Do you often find yourself trying to extract all the links from a web page for various reasons such as data mining, backlink analysis, or just simple curiosity? In this blog post, we will discuss how to achieve that using PHP.

First, let's understand why we would use PHP for this task. Compared to other tools like BeautifulSoup or Scrapy in Python, or Cheerio in JavaScript, PHP might not be the first choice when it comes to web scraping. However, PHP has its advantages as well:

It is widely used and supported by most web hosts.
It's relatively easy to learn if you have some programming background.
It provides built-in functions for handling HTML documents.
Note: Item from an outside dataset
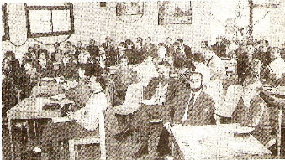
Une petite centaine de personnes pour parler de démocratie locale.

Now, let's dive into the code. We will create a simple PHP script that accepts a URL as an argument and outputs all the unique links found on the page.

<?php

function getDomDocument($url) {
    $options = array(
        CURLOPT_RETURNTRANSFER => true,  
        CURLOPT_HEADER         => false, 
        CURLOPT_FOLLOWLOCATION => true,  
        CURLOPT_MAXREDIRS      => 10,
        CURLINFO_BUFFERSIZE    => 1024,
        CURLOPT_ENCODING       => "",
        CURLOPT_USERAGENT      => "test-agent",
        CURLOPT_AUTOREFERER  => true,
        CURLOPT_CONNECTTIMEOUT => 120,   
        CURLOPT_TIMEOUT       => 120,
    );

    $ch = curl_init($url);
    curl_setopt_array($ch, $options);
    $content = curl_exec($ch);
    $html = new DOMDocument();
    @$html->loadHTML($content);
    curl_close($ch);

    return $html;
}

function extractLinks($dom) {
    $links = array();

    foreach ($dom->getElementsByTagName('a') as $link) {
        $href = $link->getAttribute('href');
        if (!in_array($href, $links)) {
            $links[] = $href;
        }
    }

    return $links;
}

function main() {
    if (count($argv) != 2) {
        die("Usage: php script.php <URL>\n");
    }

    $url = $argv[1];

    try {
        $dom = getDomDocument($url);
        $links = extractLinks($dom);

        print_r($links);
    } catch (Exception $e) {
        die("Error: " . $e->getMessage());
    }
}

main();

To use this script, save the code in a file named script.php, and then run it from the command line with the URL as an argument:

$ php script.php https://example.com

This script fetches the HTML content of the given URL using cURL, parses it using DOMDocument, extracts all unique links, and outputs them to the console. Remember to run this script on a local server or your development environment rather than directly from a web server due to security concerns.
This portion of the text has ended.